A consortium of energy industry companies is moving forward with preliminary plans for an 800-mile natural gas pipeline in Alaska, despite estimates that the project's price tag could range from $45 billion to possibly more than $65 billion.
In a letter to Gov. Sean Parnell (R), executives from three oil companies and a Canadian pipeline firm emphasized that they need more favorable financial ground rules for producing energy in the state before they can build the expensive pipeline.
"[A] healthy, long-term oil business, underpinned by a competitive fiscal framework ... is required to monetize North Slope Gas resources," BP, ConocoPhillips, Exxon Mobil and TransCanada said in the letter.
"The producers look forward to working with the state to secure fiscal terms necessary to support the unprecedented commitments required for a project of this scope and magnitude."

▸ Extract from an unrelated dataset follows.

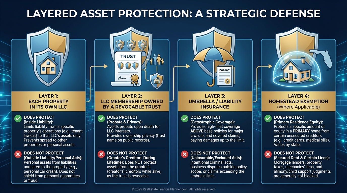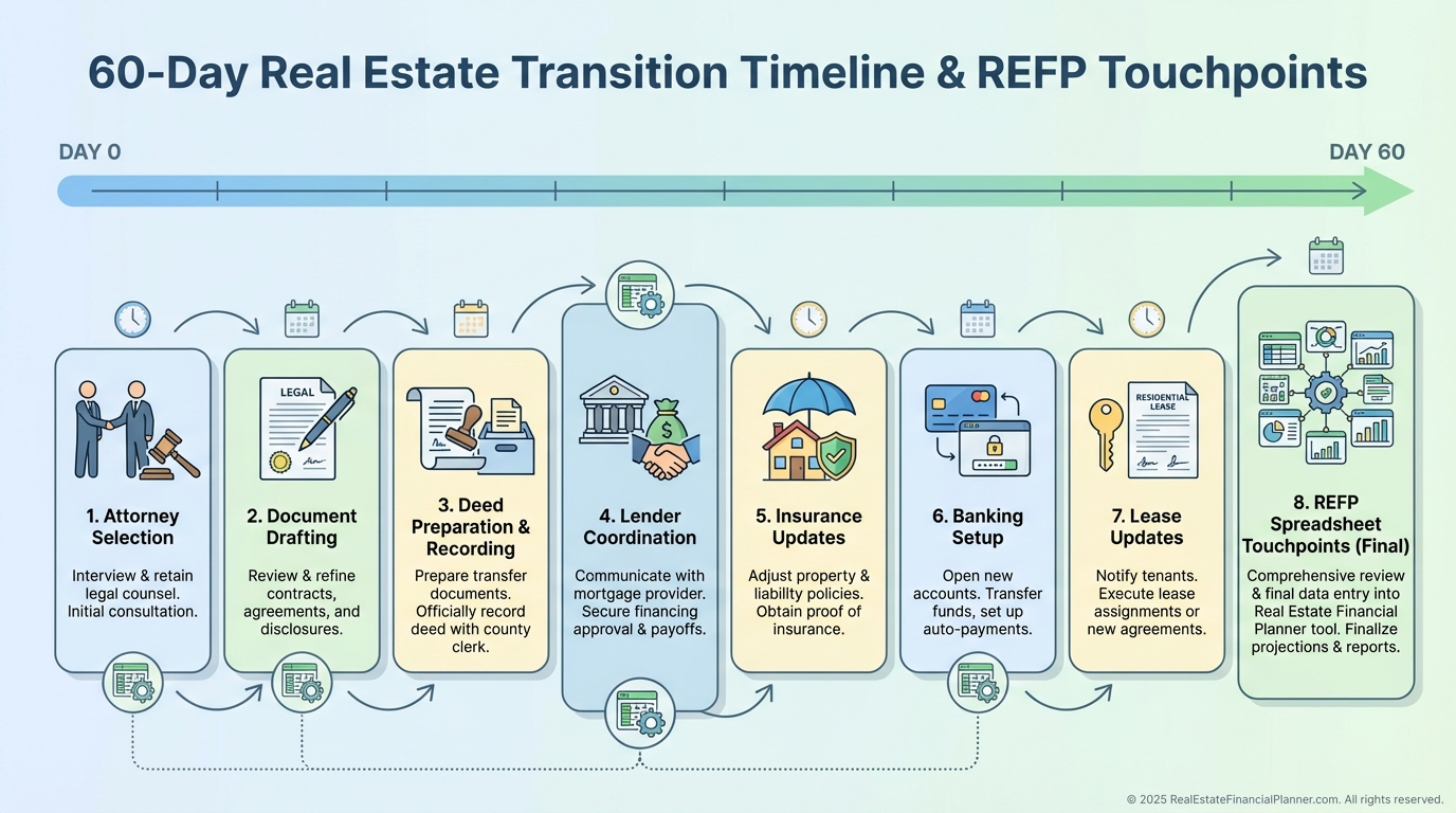 Week 1–2: Inventory properties, loans, insurance, and beneficiaries, then choose structure with an attorney who understands both real estate and estate planning.

Describing the pipeline as "a mega-project of unprecedented scale and challenge," the companies released a timeline and work plan for evaluating and building the project. But they warned that the schedule could be delayed by "fiscal terms, regulatory and permitting delays and legal challenges."
The letter comes at a time when Parnell and the energy industry have been pushing the state Legislature to slash the taxes that companies must pay when extracting oil from state lands.
The governor has proposed cutting the industry taxes by $2 billion a year. So far, however, that measure has been blocked by a bipartisan coalition of state senators who contend the dramatic revenue cuts would quickly deplete the state's budget surplus (EnergyWire, Sept. 20).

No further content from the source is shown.